> [Your instructions]
Output the entries exactly. Start at the first line, finish with the line containing "Our Honeycomb Sideboard", and omit the pictures.

[Records from a dataset]
—————

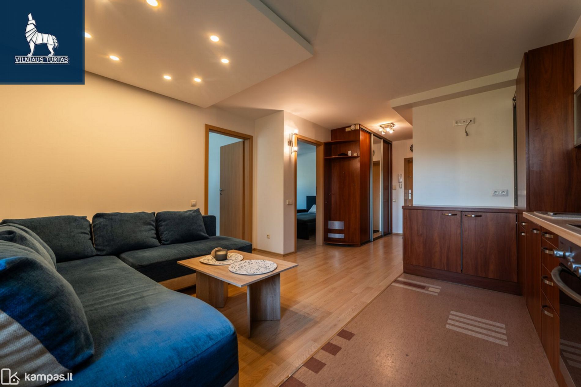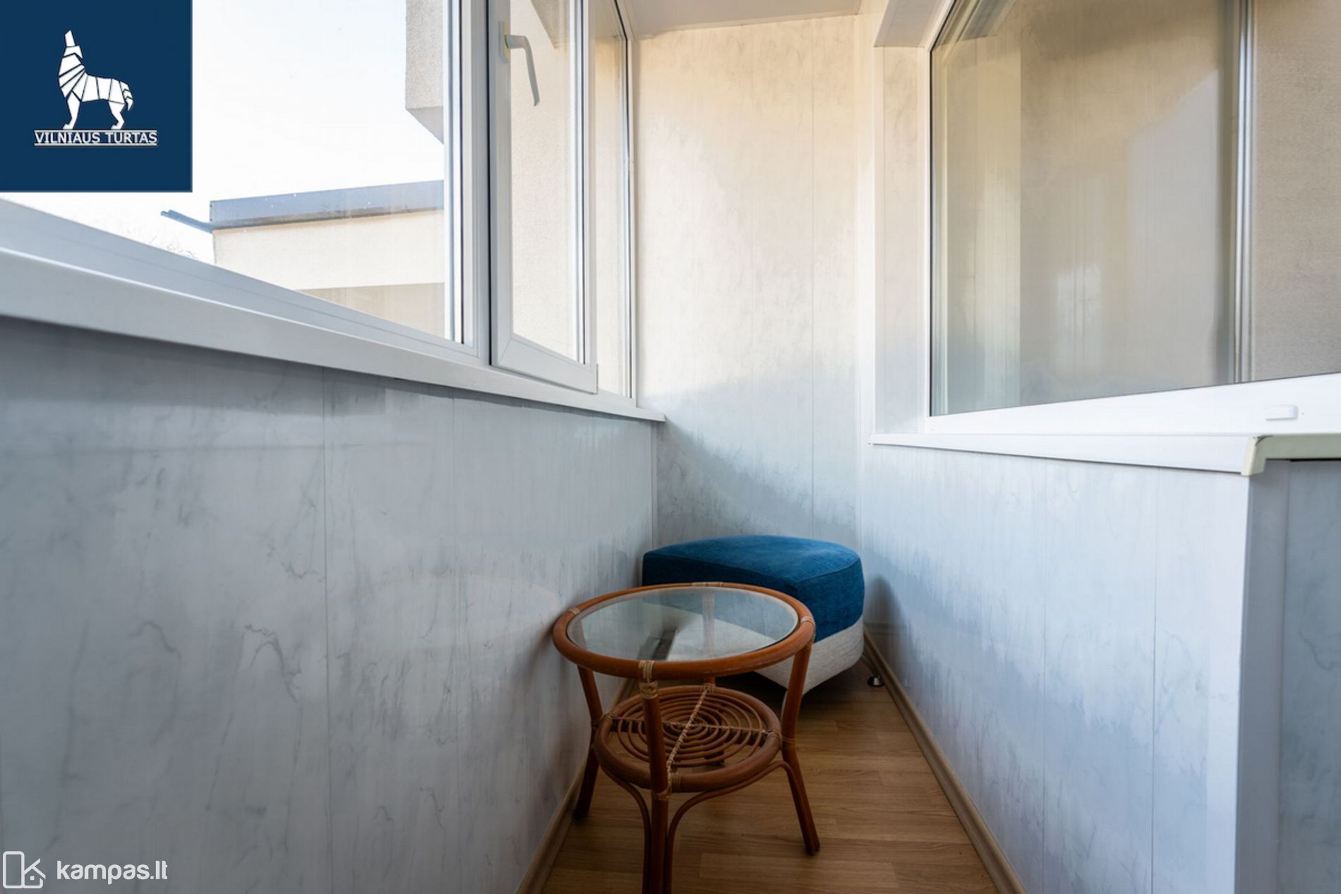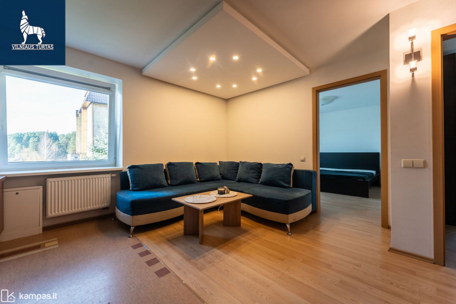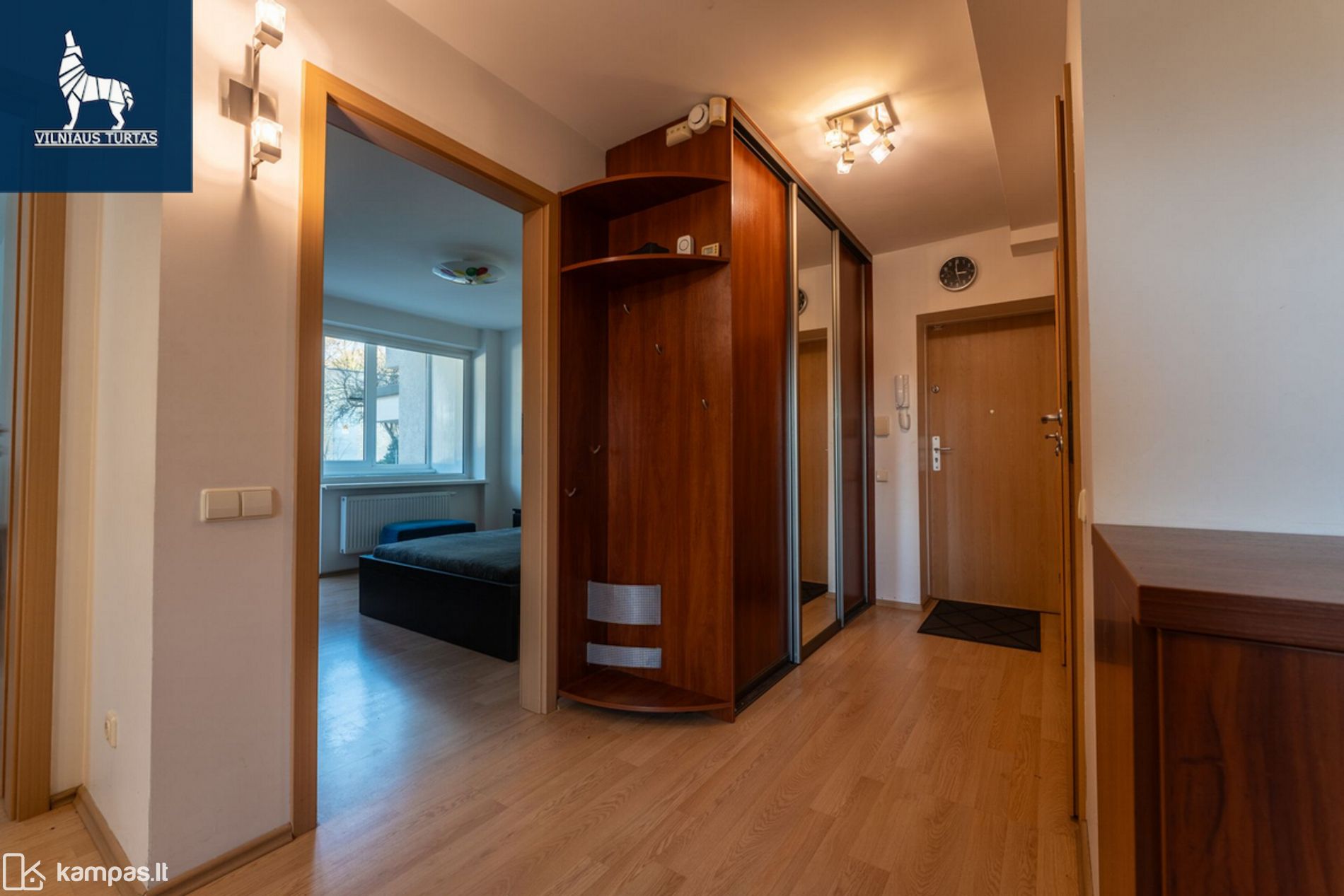 Išnuomojamas šiltas ir ekonomiškas 47 kv. m butas renovuotame name, apsuptame žalumos, netoli Neries upės. Butas yra pirmajame, tačiau pakeltame aukšte – todėl pro langus matosi žaluma, išlieka privatumas, o laiptais lipti tereikia kelis žingsnius. Erdvė suplanuota patogiam gyvenimui: svetainė sujungta su virtuve, du atskiri miegamieji ir išėjimas į balkoną. Bute įrengti visi reikalingi baldai bei buitinė technika – galima iš karto įsikelti ir gyventi.
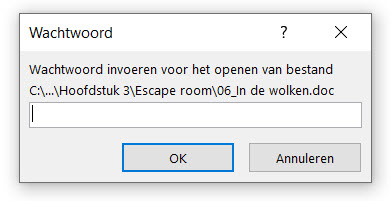 Om een digitale escaperoom te maken moet verschillende puzzels kunnen maken die je kunt versleutelen. Gelukkig zijn er meerdere mogelijkheden om dit te doen. In OneNote kan je pagina’s beveiligen met een wachtwoord. En bij Excel kan je tabbladen beveiligen. Het voordeel van het gebruiken van OneNote en Excel is dat je een escaperoom in een document kunt maken. Een nadeel van OneNote is dat het lastiger is om te delen. Het kan voorkomen dat de versleutelingen wegvallen als je het deelt met je leerlingen. Een PowerPointpresentatie en Word-document kun je beveiligen met een wachtwoord. Je doet dit door naar bestand te gaan en info te selecteren. Bij het eerste kopje kun je een wachtwoord toevoegen aan je document of presentatie. Als je gebruik maakt van PowerPoint of Word bestaat elke puzzel / opdracht uit een bestand dat beveiligd is. Tijdens het openen van het document moeten leerlingen een wachtwoord invullen (zie onderstaande afbeelding). Is het wachtwoord verkeerd dan moeten de leerlingen het document opnieuw openen om het juiste wachtwoord in te vullen.
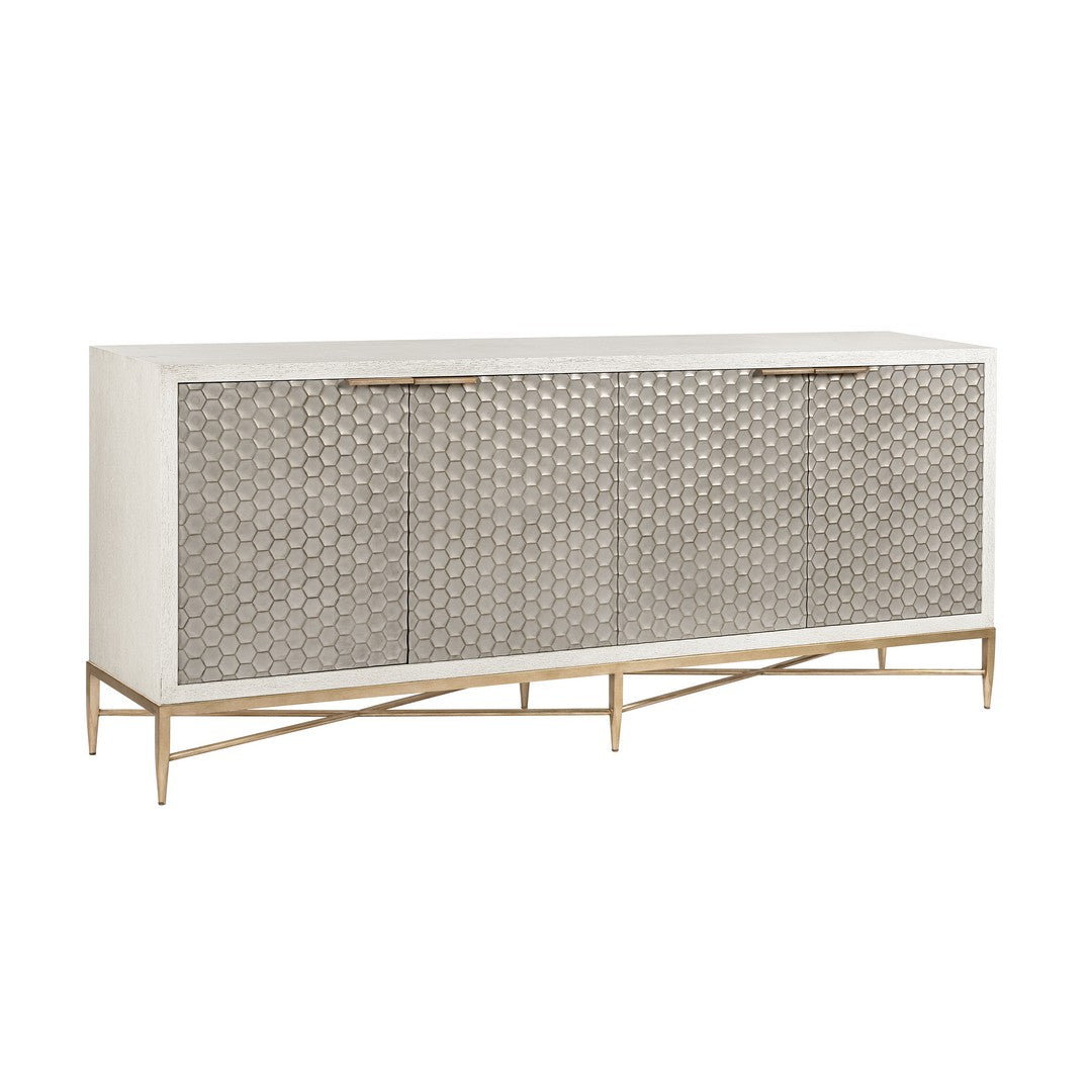 Our Honeycomb Sideboard features two, honeycomb patterned doors, interior shelving, a metal base, tapered legs, and a double "X" shaped stretcher.
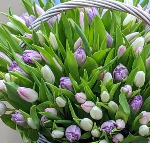 Состав:тюльпаны голландия белые 20 шт, тюльпан нежно-розовый 25 шт, лавандовый -30 шт
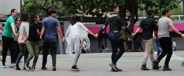 Maravatío se llevó a cabo por primera vez, en mayo 2018 en la Glorieta de Insurgentes de la CDMX, decisión consensuada por el grupo neuronal, con el deseo de habitar/transformar este lugar emblemático de tránsito y encuentro de propios y extraños de la CDMX y crear una fisura en el espacio público para hacer visible que existen otros caminos afectuosos para habitar/estar en colectividad. De 22 personas que iniciamos el proyecto, nos convertimos en 50, que ese día por primera vez libremente nos encontramos para darnos cuidado, jugar y divertirnos.
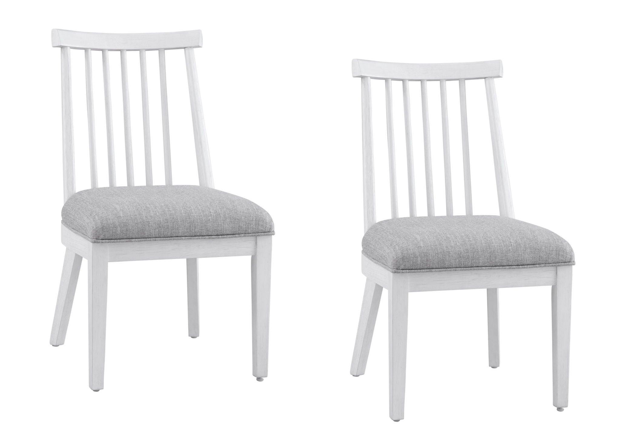 The Nadine Dining Chair features a coastal contemporary inspired design and is constructed with solid wood in a bright white oak finish with a spindle back design in a durable light gray fabric seat.
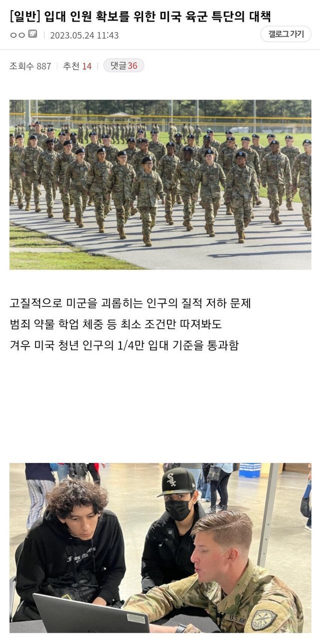 입대 인원 확보를 위한 미국 육군 특단의 대책
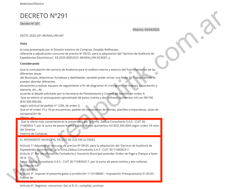 - Abril de 2025: auditoría de expedientes electrónicos y funcionamiento interno por 32.500.000 de pesos.
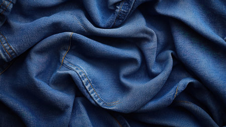 Close up of blue denim fabric texture, a versatile and durable material commonly used in jeans, workwear, and casual clothing design

—————

> [Result]
 Išnuomojamas šiltas ir ekonomiškas 47 kv. m butas renovuotame name, apsuptame žalumos, netoli Neries upės. Butas yra pirmajame, tačiau pakeltame aukšte – todėl pro langus matosi žaluma, išlieka privatumas, o laiptais lipti tereikia kelis žingsnius. Erdvė suplanuota patogiam gyvenimui: svetainė sujungta su virtuve, du atskiri miegamieji ir išėjimas į balkoną. Bute įrengti visi reikalingi baldai bei buitinė technika – galima iš karto įsikelti ir gyventi.
 Om een digitale escaperoom te maken moet verschillende puzzels kunnen maken die je kunt versleutelen. Gelukkig zijn er meerdere mogelijkheden om dit te doen. In OneNote kan je pagina’s beveiligen met een wachtwoord. En bij Excel kan je tabbladen beveiligen. Het voordeel van het gebruiken van OneNote en Excel is dat je een escaperoom in een document kunt maken. Een nadeel van OneNote is dat het lastiger is om te delen. Het kan voorkomen dat de versleutelingen wegvallen als je het deelt met je leerlingen. Een PowerPointpresentatie en Word-document kun je beveiligen met een wachtwoord. Je doet dit door naar bestand te gaan en info te selecteren. Bij het eerste kopje kun je een wachtwoord toevoegen aan je document of presentatie. Als je gebruik maakt van PowerPoint of Word bestaat elke puzzel / opdracht uit een bestand dat beveiligd is. Tijdens het openen van het document moeten leerlingen een wachtwoord invullen (zie onderstaande afbeelding). Is het wachtwoord verkeerd dan moeten de leerlingen het document opnieuw openen om het juiste wachtwoord in te vullen.
 Our Honeycomb Sideboard features two, honeycomb patterned doors, interior shelving, a metal base, tapered legs, and a double "X" shaped stretcher.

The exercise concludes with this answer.